За что Маруську люблю — готовит гениально. От меня же все бойфренды, которых я вовремя не приворожила, посбегали. Потому как парни — создания странные. Точно знаю, что когда они живут одни, то способны питаться чуть ли не сухой перловкой. Однако стоит им завести девушку — и все меняется. На завтрак нам надо телячью отбивную, на обед — комплекс из трех блюд минимум, ужин — это вообще святое и приравнивается к празднику. А я готовить не умею и потому спокойно пью кофе на завтрак и заказываю пиццу на обед. Поэтому я и живу одна, наверное.

Выпив кофе, я потянулась за трубкой и позвонила матери.

— Алло, — раздался в трубке ее голос.

— Мам, эт я. Ты в бабушкином доме давно была?

— Ну здравствуй, ты там как ? — осторожно спросила мать.

— Я нормально, не переживай, — успокоила я ее.

— Точно? А то давай я приеду?

— Точно — точно! — перепугалась я. — Я, собственно, в деревню собралась, отцу чего передать?

— Что б он сдох скорей, алкоголик чертов! — выкрикнула мать.

— Ага, ясно, целую, — быстренько протараторила я, но мать была начеку.

— Погоди, — велела она, — когда приедешь?

— Вчера была, — удивилась я.

— Ну спасибо, уделила матери минутку, — вредно произнесла она.

Я, памятуя, что спорить с ней бесполезно, заканючила:

— Ой, мам, ну ты же знаешь — поспать не успеваю…

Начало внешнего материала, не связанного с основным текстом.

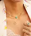 Halsketting van staal of verguld staal, bezet met kleine, lieflijke stalen hartjes. Lees meer..

— А кто виноват? Пошла б в педагогический, как я хотела, жила б сейчас спокойно, — ответила мать. Моего занятия она категорически не одобряла.

— Ну мам, — предупреждающе буркнула я. Я тоже не одобряла ее нотации.

— Ладно, большая уже. — Скрепя сердце мама остановила поток нравоучений и спросила : — Так ты чего в деревне — то хотела?

— Да вот, надо съездить.

— Зачем?? — изумилась она.

— Позагорать, — буркнула я. — Там все нормально, не знаешь?

— А что может случиться?

— Бог мой, — я начала терять терпение, — возможно, там уже на крыше березки растут, или вообще местные на дровишки разобрали. Я ж там четыре года не была!

— Отец твой там живет, так что ни березкам ни дровишкам я не удивлюсь, — сухо обронила она.

— Хм, все еще? Ну ладно, пока тогда. На днях заеду, — и я отключилась.

Слово «твой отец» мать произнесла таким укоризненным тоном, словно за этот факт я несу персональную ответственность. Папа был алкоголиком по складу души. Во всяком разе вылечить я его так и не смогла. Для этого надо хоть немного желания самого подопечного избавиться от тяги. Но этого мне бабушка не сказала, пока я сама не поняла потом на собственном опыте. За несколько лет я перепробовала все до единого заклинания на отце. Причем неудачи я объясняла тем что у меня недостаточно силы. Каждый раз чувствуя, что я стала опытнее и сильнее, я заново принималась за папу. Но потом я разделила с ним его душу по праву кровного родства — есть такое сложное заклинание — и за то краткое мгновение я его поняла полностью. Отцу нравилось пить. Нравился вкус водки, нравилось как она обжигающей струей бежит по пищеводу. Но больше всего — нравилось то, что она дает — его собственный мир, где он — умный и сильный мужчина. В этом мире все легко и просто, женщины — красивее, проблемы не имеют значения, а значит, их нет. В этом мире ему было светло и спокойно, и алкоголь был единственным проводником в него. Поэтому мой папа любил водку.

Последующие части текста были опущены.